Participants increasingly assessed counterparties not just by on-chain transparency, but by who was behind the operation—whether teams came from conservative, regulated TradFi backgrounds or from less scrutinised environments. In this sense, Web3 did not escape human trust dynamics; it amplified their consequences.
This represents a clear maturation of the market. Blockchain transparency does not remove counterparty risk—it accelerates its impact when governance fails.
The Coordination Gap Holding Back Scale
If trust within firms has improved, trust between systems remains fragmented. Nowhere is this more visible than in Hong Kong. Despite deep capital markets, advanced infrastructure, and proactive regulators, progress remains uneven.
As Lu Yin of the Solana Foundation observed, Hong Kong has all the components required for digital assets to scale—but alignment between regulators, banks, and market participants remains incomplete. Each stakeholder waits for the others to move first.
Banks seek regulatory certainty before onboarding crypto clients. Regulators want proven, stable business models before expanding frameworks. Builders need both banking access and regulatory clarity to justify long-term investment. The result is a circular dependency that slows momentum.
This is not unique to Hong Kong. It is a structural challenge facing most major financial centres attempting to bridge traditional finance and decentralised systems.
The Institutional Scale Problem Few Address Openly
Beyond coordination, the panel addressed a deeper structural issue: market depth. For sovereign wealth funds and large asset managers, crypto presents an uncomfortable dilemma. Allocate capital at a scale that matters to their balance sheet, and they risk distorting the market. Allocate less, and the effort is operationally unjustifiable.
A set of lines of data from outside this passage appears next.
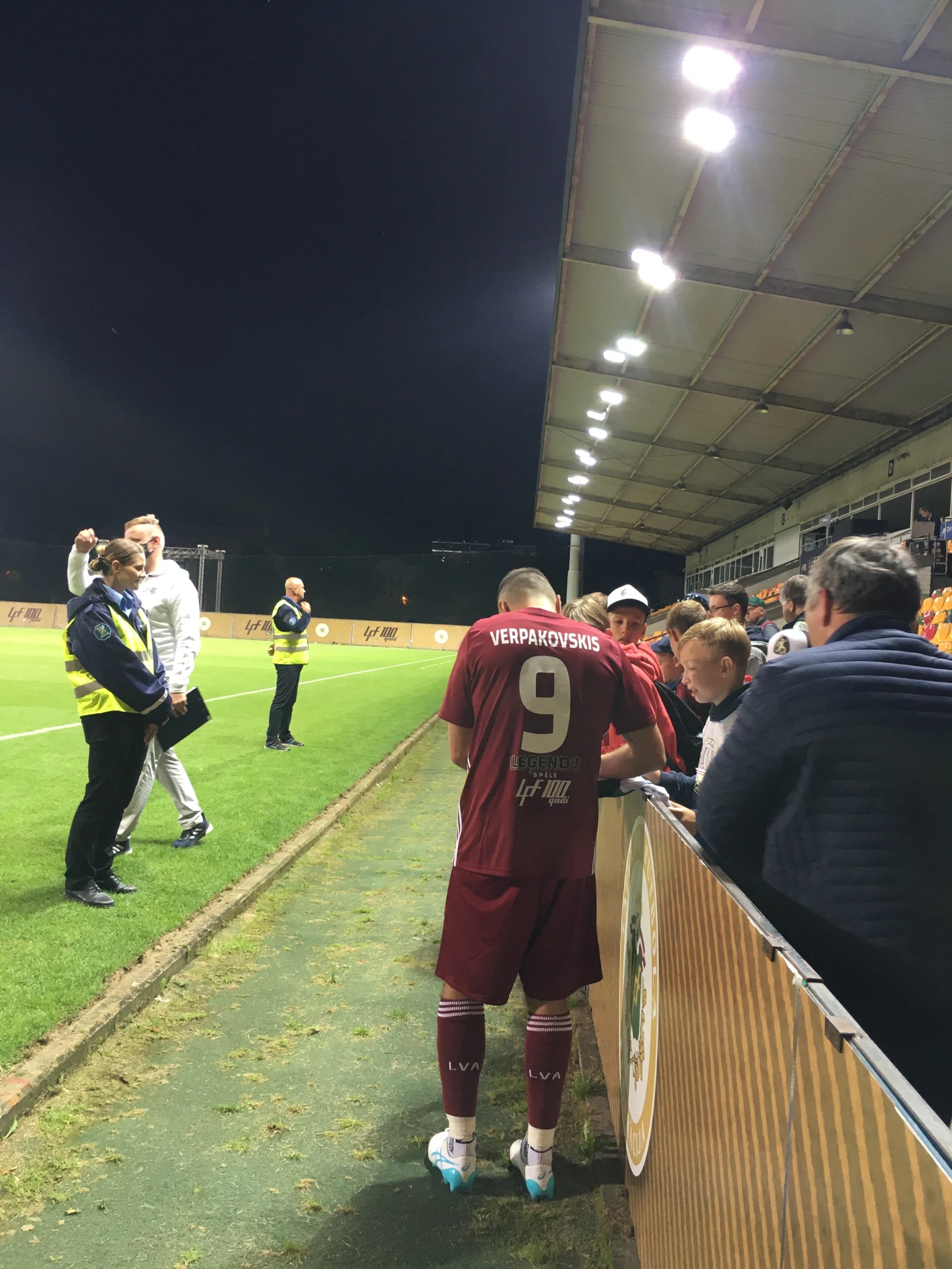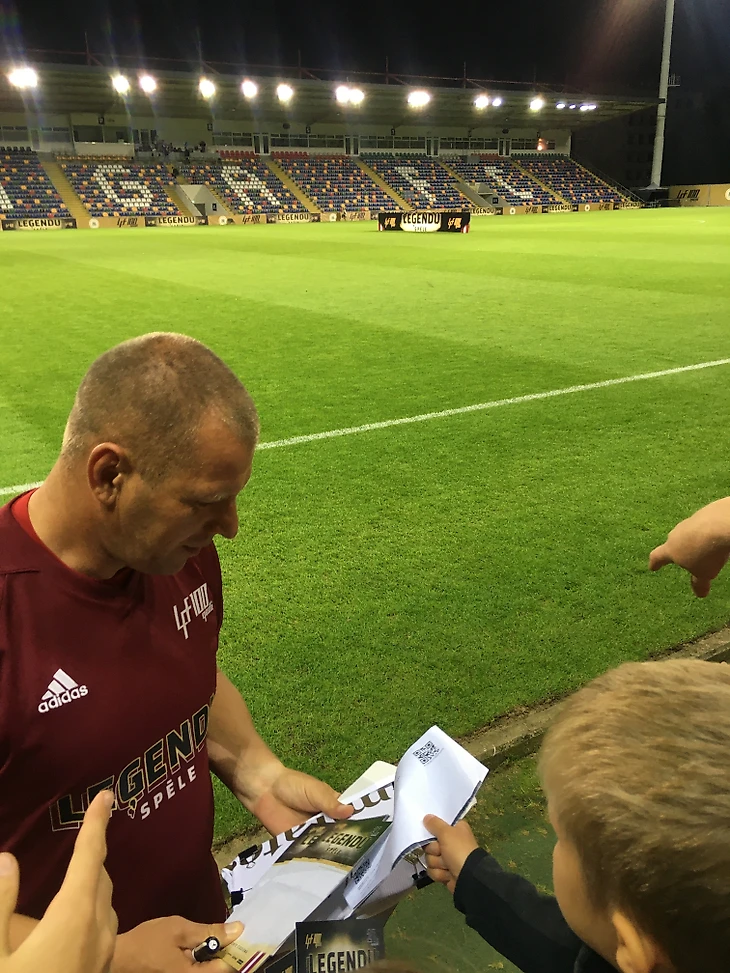 Для самых преданных болельщиков организаторы подготовили еще один сюрприз. Уже могло показаться, что все закончилось – игроки ушли в раздевалки, а большинство болельщиков покинуло стадион, но спустя несколько минут игроки, а также тренерский штаб сборной Легенд Латвии начали по очереди выходить к болельщикам, которые всё-таки остались дожидаться своих кумиров.
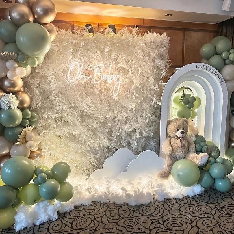 This elaborate setup uses a white textured floral wall as a backdrop for a glowing “Oh Baby” neon sign. Below, fluffy white “clouds” made of batting or cotton rest on the floor alongside a giant plush teddy bear and sage balloon clusters. The layering of the neon light against the soft textures creates a beautiful depth that looks stunning in photos.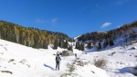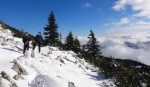 Oblaki so se nam hitro bližali in kmalu so se začeli poditi tudi okoli nas, ampak smo imeli večinoma še sonce, zato smo nazaj grede naredili ovinek – po grebenu proti zahodu, dol do planine Arta (1586m) in spet nazaj do izhodišča. Spodaj v gozdu se je medtem že toliko ogrelo, da smo že malo čofotali po tisti snežno-blatni brozgi, tako da očitno bo za nekaj časa konec zimske idile…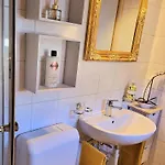 A Traumhaftes Appartment In Ascona Nur 200M Vom Lago Maggiore Entfernt fürdőszobája hajszárítóval és törölközőkkel felszerelt. Emellett talál külön WC-t és zuhanyzót.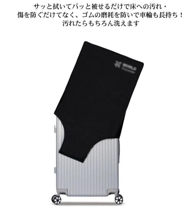 | 大切なケースを傷や汚れ、ほこりなどから守るキャリーバック用カバーです お気に入りのスーツケースを傷や汚れから保護! すっぽり被せるだけの簡単設計! シンプルなデザインで年齢・性別関係なくお使いいただけます。 サッと拭いてパッと被せるだけで床への汚れ・傷を防ぐだけてなく、ゴムの磨耗を防いで車輪も長持ち!汚れたらもちろん洗えます | |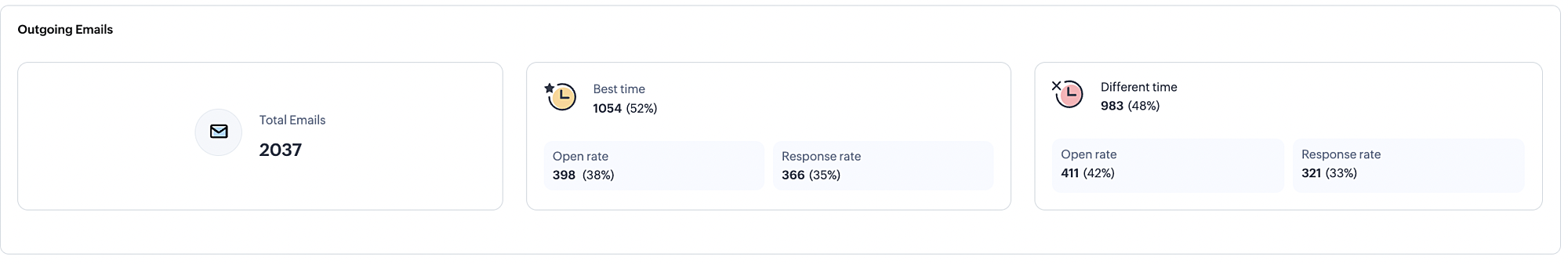 外发邮件分析可以让您评估总共发送了多少封外发邮件,以及其中有多少封是在最佳时间发送的,有多少封是在之外不同时间发送的。 显示的关键绩效指标如下: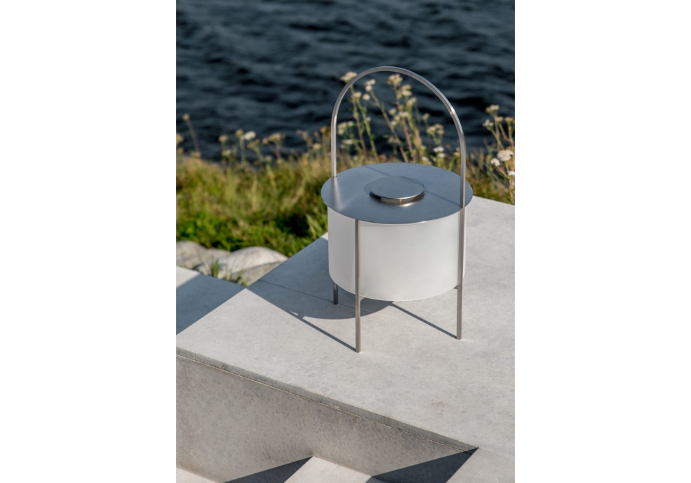 Garden designed by Broberg & Ridderstråle for Röshults is a lantern made of brushed stainless steel and glass.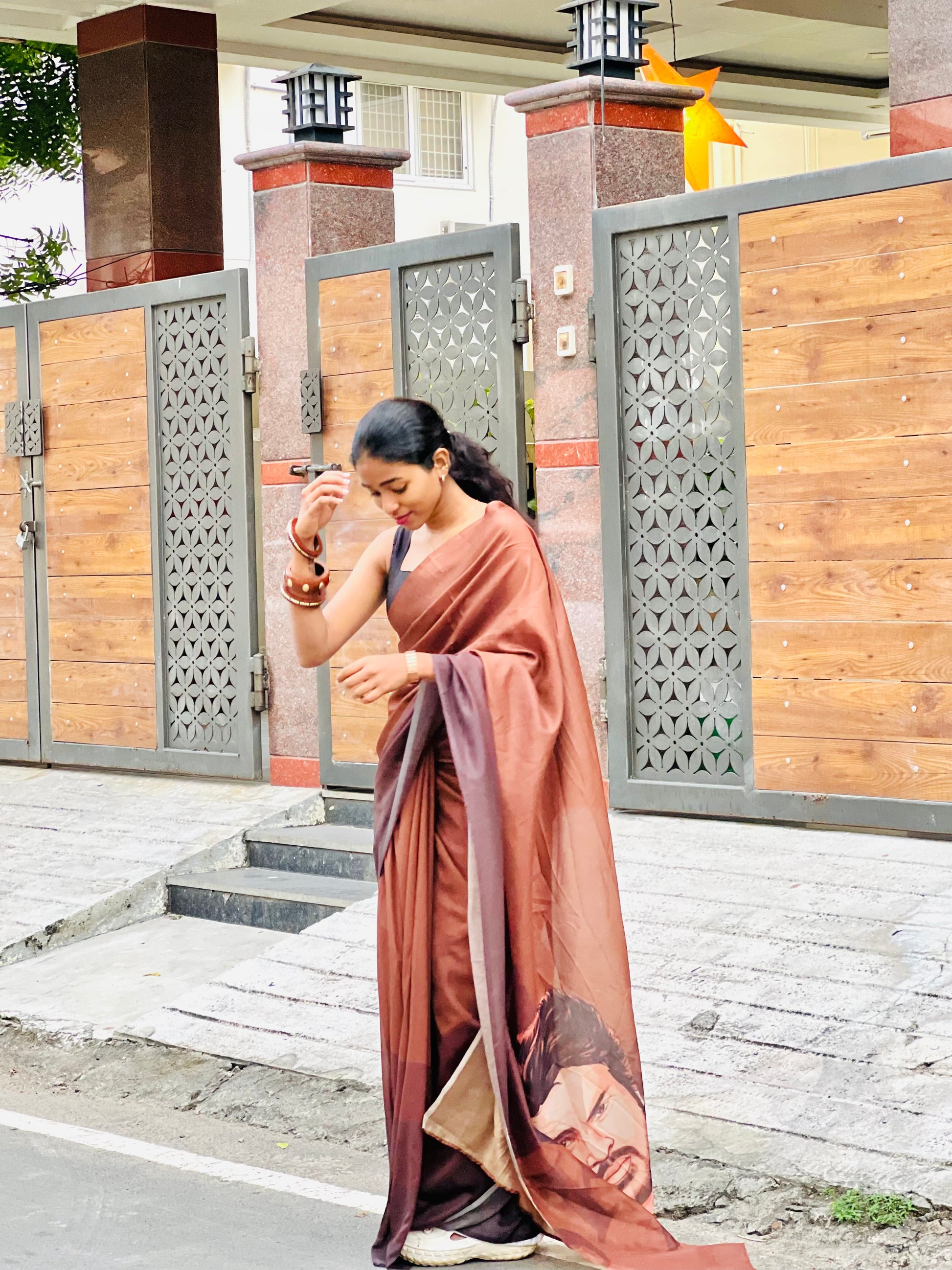 This tribute saree dedicated to Sivakarthikeyan is beautifully crafted in rich shades of brown, symbolising warmth and earthiness. The entire saree flows in a harmonious brown palette, giving it a classic and graceful appeal. This saree is made of mul mul. And the highlight of the saree is the pallu, where a detailed portrait of Sivakarthikeyan is artistically drawn, capturing his charisma and expressive presence. This unique hand rendered artwork transforms the saree into a wearable tribute, blending fashion with admiration and artistic devotion. The saree stands as a heartfelt homage, celebrating Sivakarthikeyan’s journey, charm.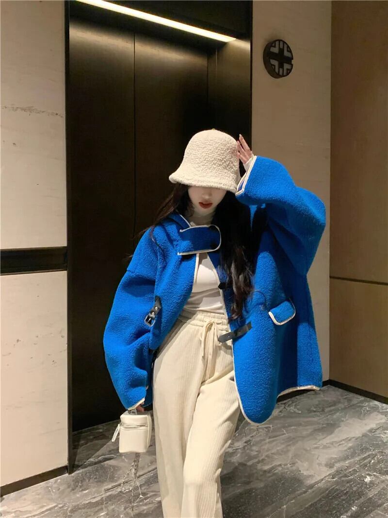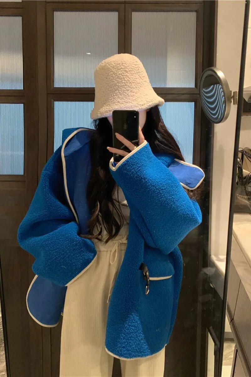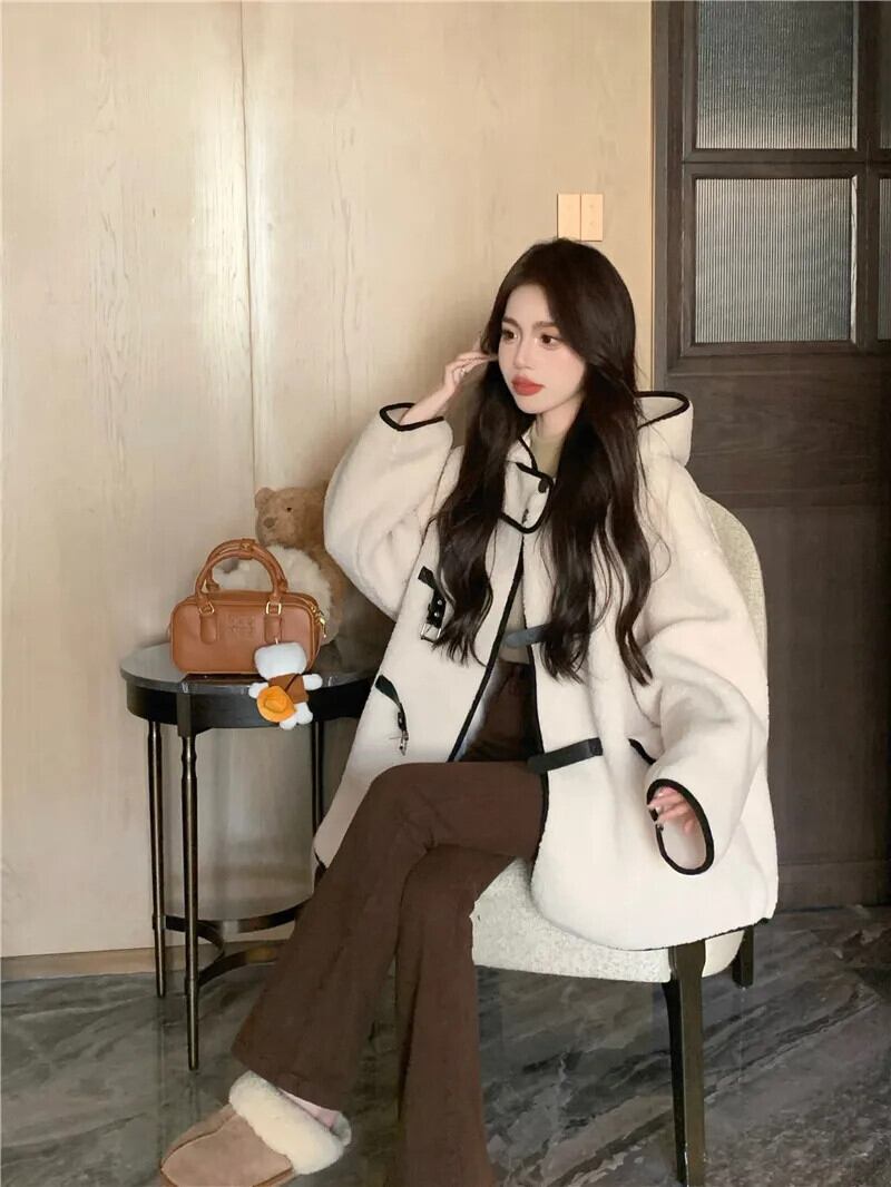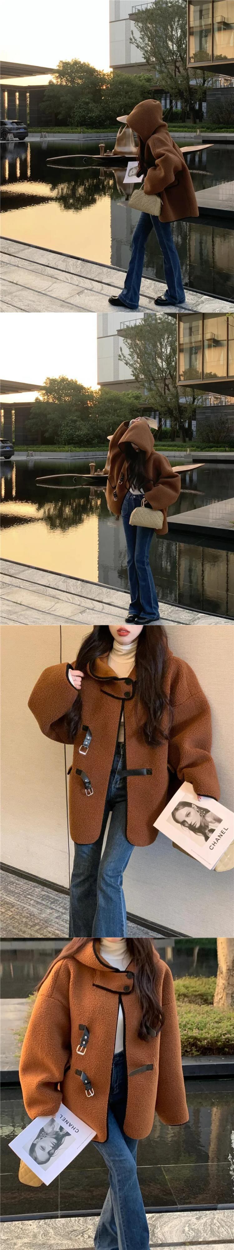 ルーズフード付きラムウールコート秋と冬豪華シングルブレストミディアム丈コート オータム 秋物 ウィンター 冬物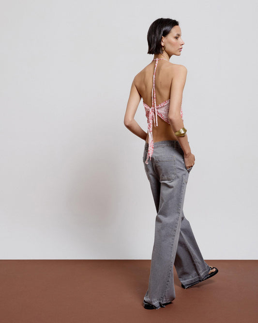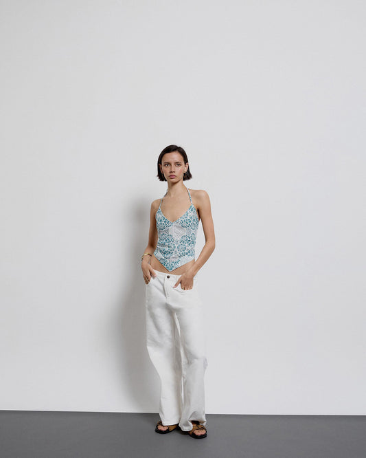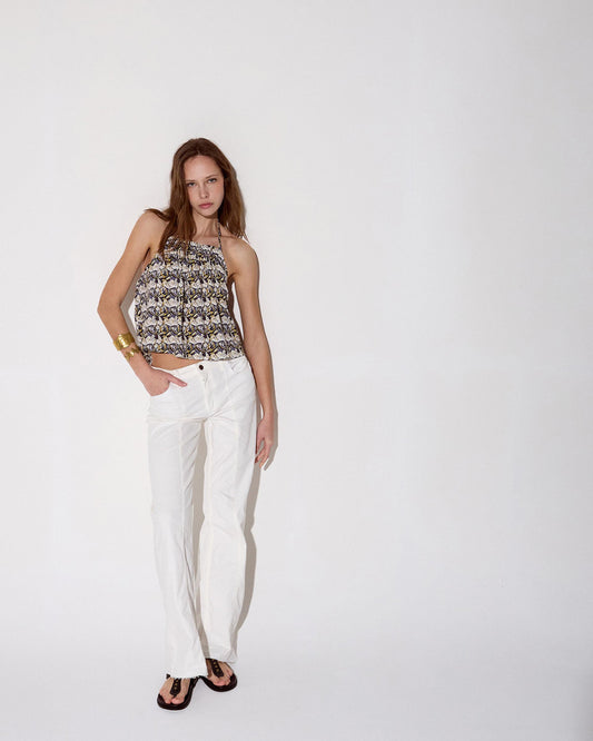 • Top bege com estampado floral e decote alto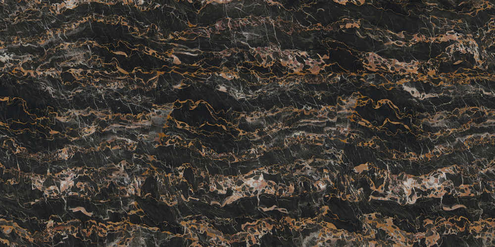 纹理呈现**自然流动的脉络状**,宛如大地肌理的天然雕琢:金色与暖棕色调的纹路如蜿蜒溪流般穿梭于黑色基底之上,线条婉转灵动,时而舒展如波浪,时而卷曲如云雾,彼此交织缠绕,形成层次丰富的视觉韵律;其间还点缀着浅灰、米白色的细碎纹理,如星芒般散落,与深色基底、金色脉络形成鲜明对比,进一步强化了纹理的动感与立体感,整体宛如一幅自然泼墨的艺术画卷,每一处纹路都独一无二。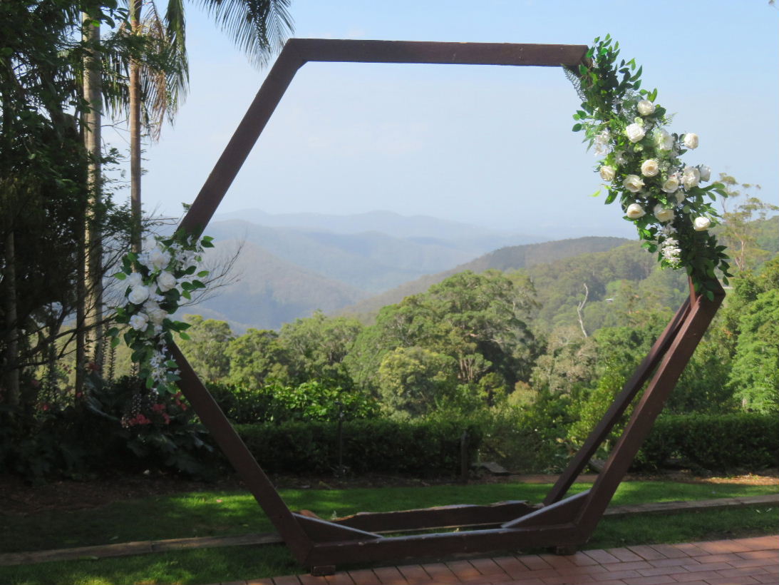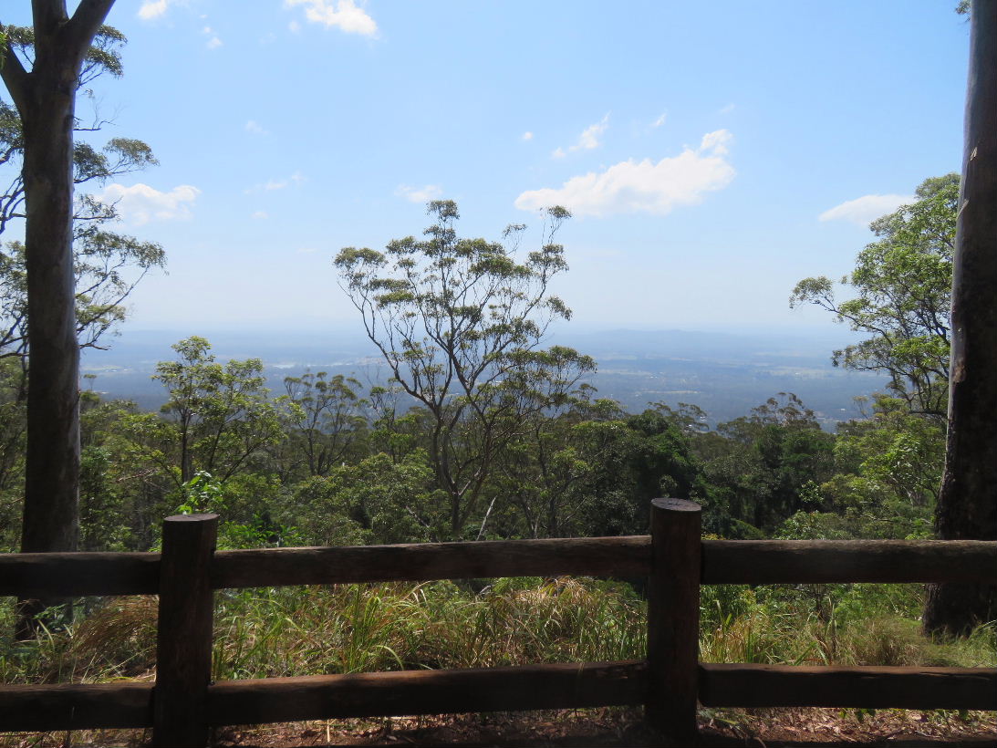 One of the features of Mount Tamborine is that (as the name implies) it is high up with wonderful views West (over a long valley) and East (towards the Gold Coast). Here are views West from Knoll Lookout and Hang Glider Launch site, and (East) at St Bernards Hotel (with bonus wedding gardens).
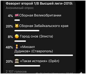 Первая игра в вышке, по ощущениям, далась ребятам легко. И если судить по онлайн-голосованиям непосредственно перед игрой, Дудики были в числе фаворитов (например, в телеграмм-канале «Такстоп» 48% пользователей поставили ребят на первое место).

With global equities exceeding US$120 trillion in market capitalisation and crypto hovering around US$3 trillion, there is little middle ground for institutions seeking meaningful exposure without outsized impact. Many remain unconvinced that current market structures can absorb large-scale institutional flows without instability.
At the same time, as centralised exchanges adopt stricter KYC and regulatory controls to attract institutional capital, they move away from the permissionless access that originally drove retail adoption. Those users have not disappeared—they have shifted toward decentralised protocols, creating a bifurcated ecosystem with fundamentally different trust models serving different constituencies.
A Narrow Window for First Movers
Regulation is also compressing competitive timelines. Once a jurisdiction finalises a workable framework, innovators move quickly. Financial infrastructure benefits from strong network effects, and early movers tend to entrench advantage.
The implication is clear: jurisdictions that hesitate risk losing entire ecosystems to faster-moving peers. But decisive action requires rare alignment across public and private sectors—a challenge that few markets consistently achieve.
What Actually Builds Trust Going Forward
Despite different perspectives, the panel converged on a shared conclusion. Trust in digital assets is not a binary state achieved through licensing, audits, or technology alone. It is a continuous process.
Education, coordination, operational discipline, and time all matter. Longevity itself becomes a signal—firms that survive multiple cycles, execute consistently, and adapt to regulatory expectations earn credibility that cannot be fast-tracked.
The infrastructure is improving. Regulatory frameworks are emerging. Institutional capital is watching closely.
The unanswered question is whether key markets can coordinate quickly enough to convert interest into sustained participation—or whether caution will continue to outweigh conviction.
Where do you see the biggest coordination failures still blocking institutional adoption of digital assets?